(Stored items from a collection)

=== Begin Enclosure ===

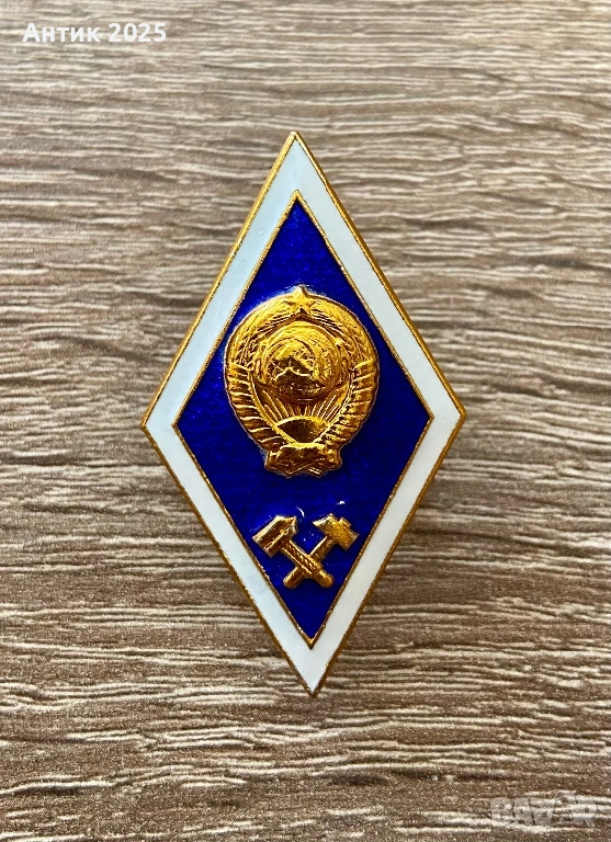 Оригинален съветски дипломен ромбовиден знак, връчван на студенти при завършване на висше техническо образование в СССР.
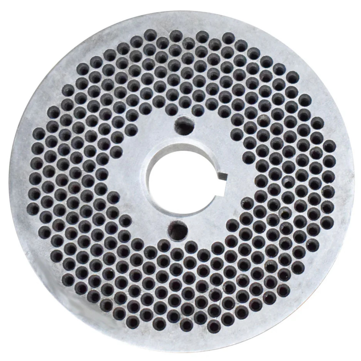 Плоская матрица 120 мм / 3 мм для гранулятора HobbyFarm, изготовлена из качественной стали. В процессе изготовления применяется специальная термообработка в вакууме для более длительной эксплуатации.
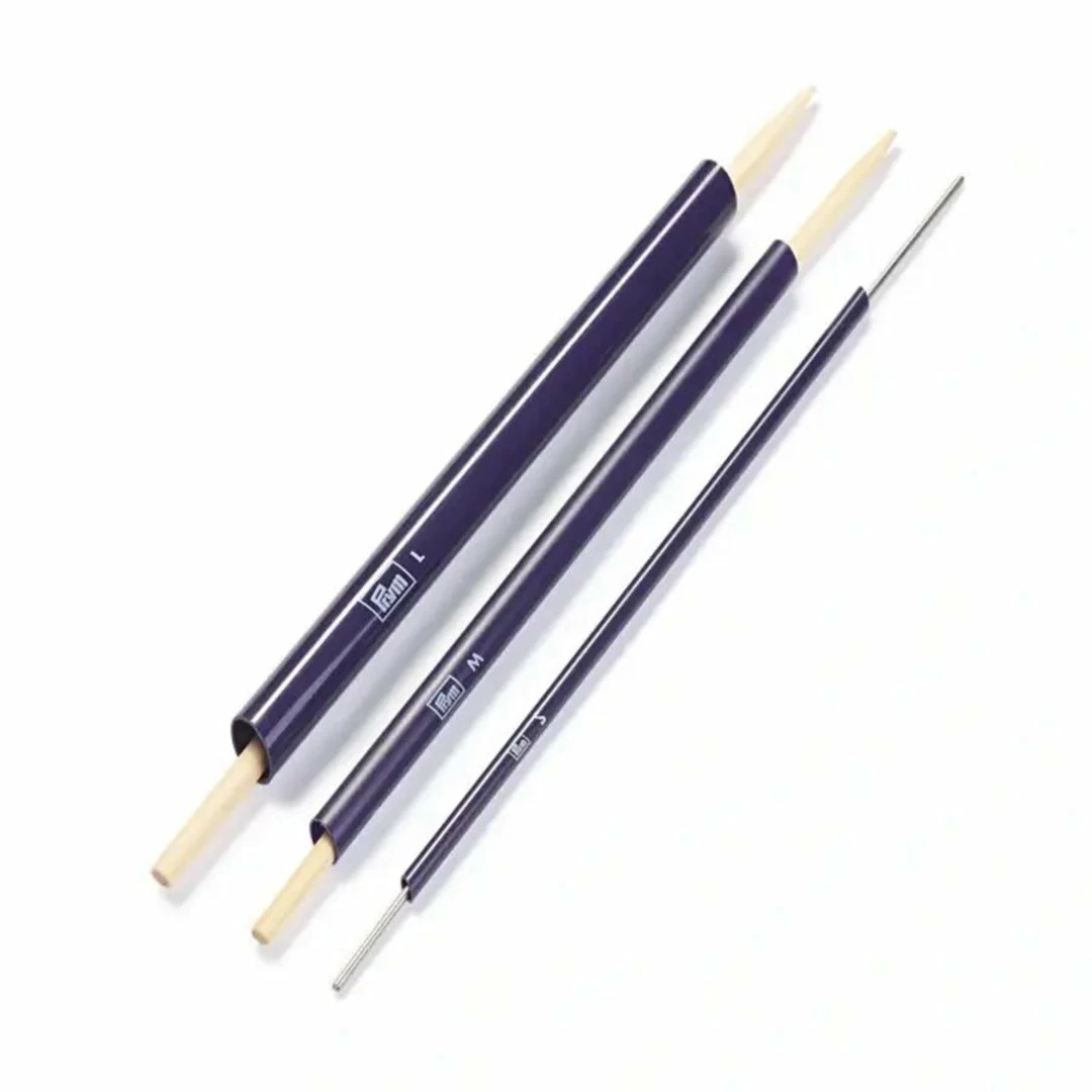 This practical Prym turning set makes the turning of fabric tunnels such as straps or belt loops easy, making it an extremely useful sewing accessory. From a small belt loop to a broad bag handle, any self made fabric tunnel can be easily turned. The fabric tunnel is first sewn on only one side and then placed over the plum blue plastic tube. With the enclosed wooden rod, the fabric can now be pushed through the tube on the stitched side and be automatically turned. In the set there are three sizes: S for tunnel widths from 9.5 mm to 16 mm, M for tunnel widths from 19 mm to 25 mm and L for tunnel widths greater than 25 mm.
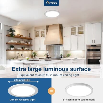 Amico 12 Pack 8 Inch 5CCT Ultra-Thin LED Recessed Ceiling Light with Junction Box, 2700K/3000K/3500K/4000K/5000K Selectable, 18W Eqv 125W, Dimmable Canless Wafer Downlight, 1600LM High Brightness -ETL
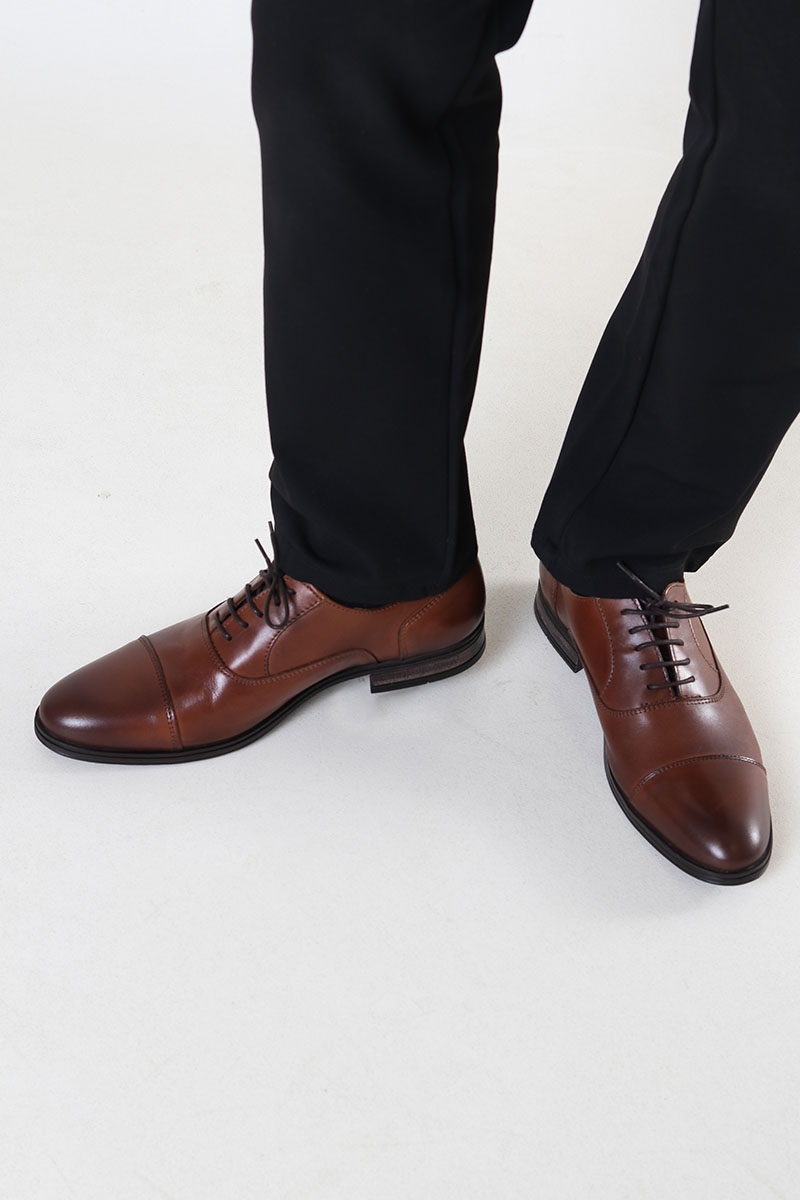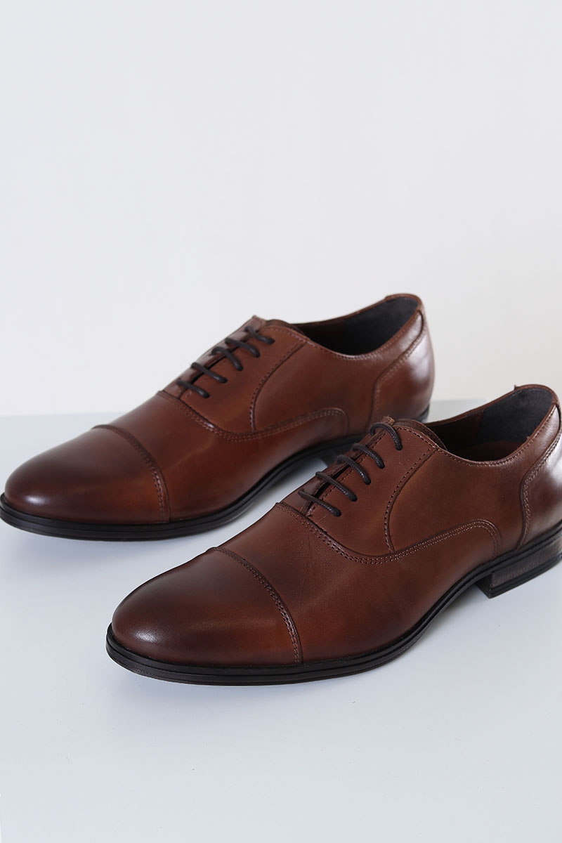 Jack & Jones elegante herresko med flot cognac farvet overflade i læder. Komme med rund snude, runde snørebånd og en stablet hæl. Kvalitet: Øvre: 100% Okselæder. Foring: 100% textil. Sål: 100% syntetisk.
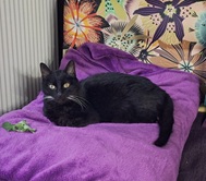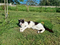 La rencontre avec Rigolo s'est faite sur un chemin gris et sans lumière. Il était assis, figé à cet endroit et le regard triste. Je me suis approchée doucement pour ne pas l'effrayer, je l'ai appelé par son nom et dès le 1er appel il a levé la tête vers moi et ses yeux si tristes reprirent une lueur d'espoir. Je me suis présentée et lui ai expliqué que sa gardienne m'envoyait à lui pour lui donner des messages et lui poser quelques questions. Avant même que je ne lui lise le contenu, il est venu à côté de moi tout en poussant quelques petits miaous pour me dire :
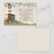 Baby shower book request cards featuring an illustration on front of a fox and a raccoon under a tree with green leaves and blue and white bunting.
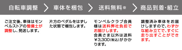 商品ご注文後、弊社より車体の調整、納期(約1~2週間)についてお客さまにご連絡します。その後、モンベルストアの整備士が車体を調整した状態で梱包し発送します。
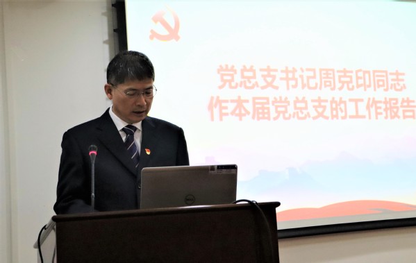 图书馆党总支书记周克印代表图书馆党总支第三届委员会向大会作了题为《踔厉奋发,积极进取,为实现图书馆高质量发展而努力奋斗》的工作报告。周克印在报告中对第三届党总支委员会过去四年的工作和经验进行了回顾总结,对今后的工作目标和任务进行了明确和梳理。他指出:过去的四年中,图书馆党总支在学校党委的正确领导下,认真落实部党组决策部署和校第十六次党代会精神,充分发挥党总支的政治核心作用,紧紧围绕学校及图书馆的中心工作,在智慧图书馆建设、资源建设、图情专业建设、信息服务等方面,都取得了长足的进步并得到快速稳步发展。面对新形势和新任务,图书馆今后要以“服务教学、融入科研、支撑学科”为发展理念,以建设“一流环境、一流资源、一流管理、一流服务”的智慧型图书馆为发展愿景,科学谋划、持续稳步落实图书馆“十四五”发展规划。努力将图书馆建设成为特色和优势明显、综合实力达到国内一流的高校图书馆。
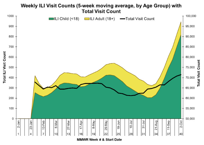 Many states and jurisdictions begin tracking ILI data around the first week in November, while other jurisdictions have October as the tail end of the previous flu season. Thus, while the systems are already in place, regular reporting may not have started in some states as of yet.
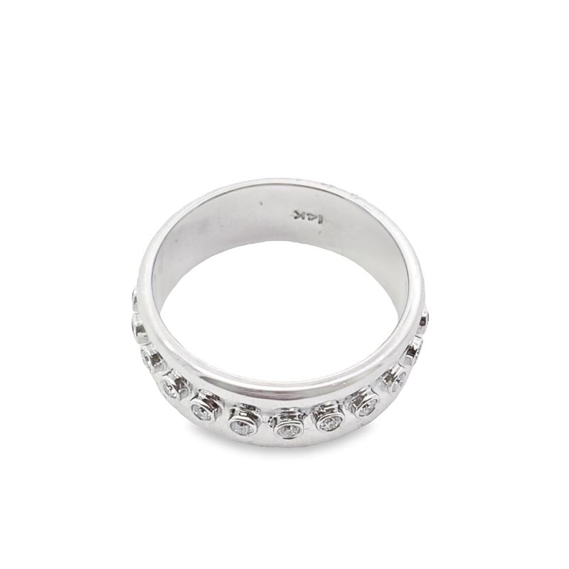 Scott Kay Gents Diamond Band Model #G3178DB708WW, 20-rd Diamonds Bezel set at 0.65ctw, VS Clarity and F-G Color. 7.5mm Wide and Crafted in 14kt White Gold.
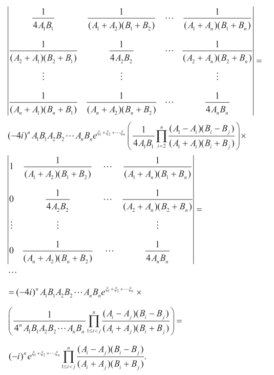 为了得到N-孤立波解的矩阵表示,考虑下面的关于λ 的行列式
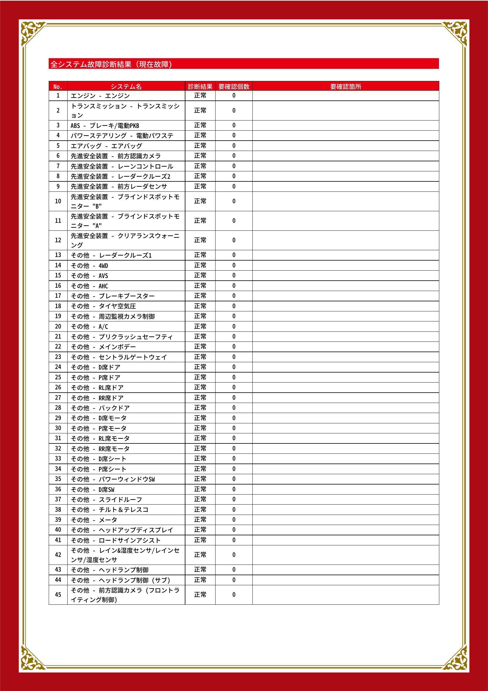| 保証項目 | 全車付帯の走行距離無制限、1年保証付き!またキズ・凹み鈑金保証を含む7つの保証サービスのご案内もご用意がございます。加えてメーカー保証期間内の対応、詳細については販売スタッフまでお尋ねください。 |
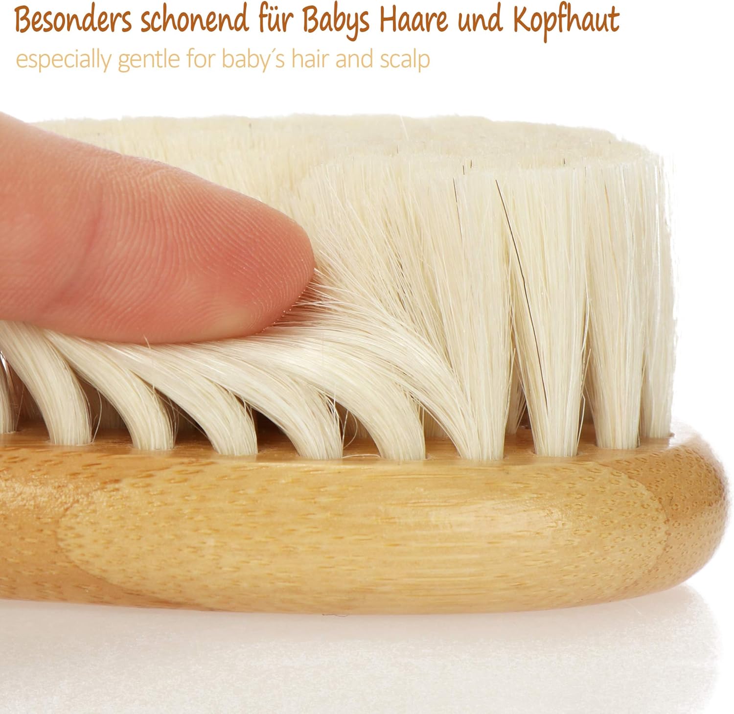 Baby brush and baby comb from 0 months for newborns and toddlers – Baby hair brush made of bamboo with soft sheep’s wool
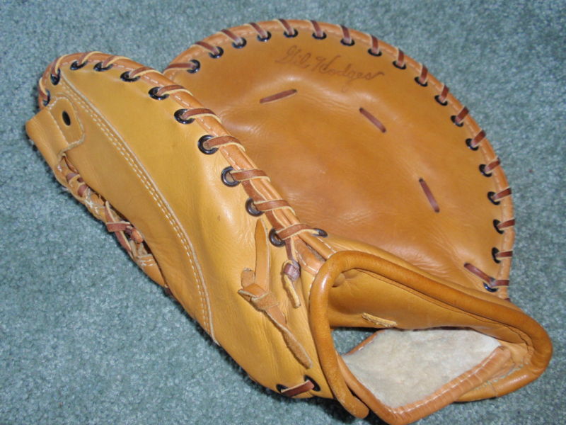 A 1960's Wilson "Gil Hodges" model base mitt sold for $99. A good quality mitt. Lambs wool wrist padding, leather piping. Interesting web controller design.

=== End Enclosure ===

[Problem to work on]: Starting at the line that contains "Baby brush and", output every line through the end of the data, both ends included, and nothing else; pictures stay out.

[Answer box]:
 Baby brush and baby comb from 0 months for newborns and toddlers – Baby hair brush made of bamboo with soft sheep’s wool
 A 1960's Wilson "Gil Hodges" model base mitt sold for $99. A good quality mitt. Lambs wool wrist padding, leather piping. Interesting web controller design.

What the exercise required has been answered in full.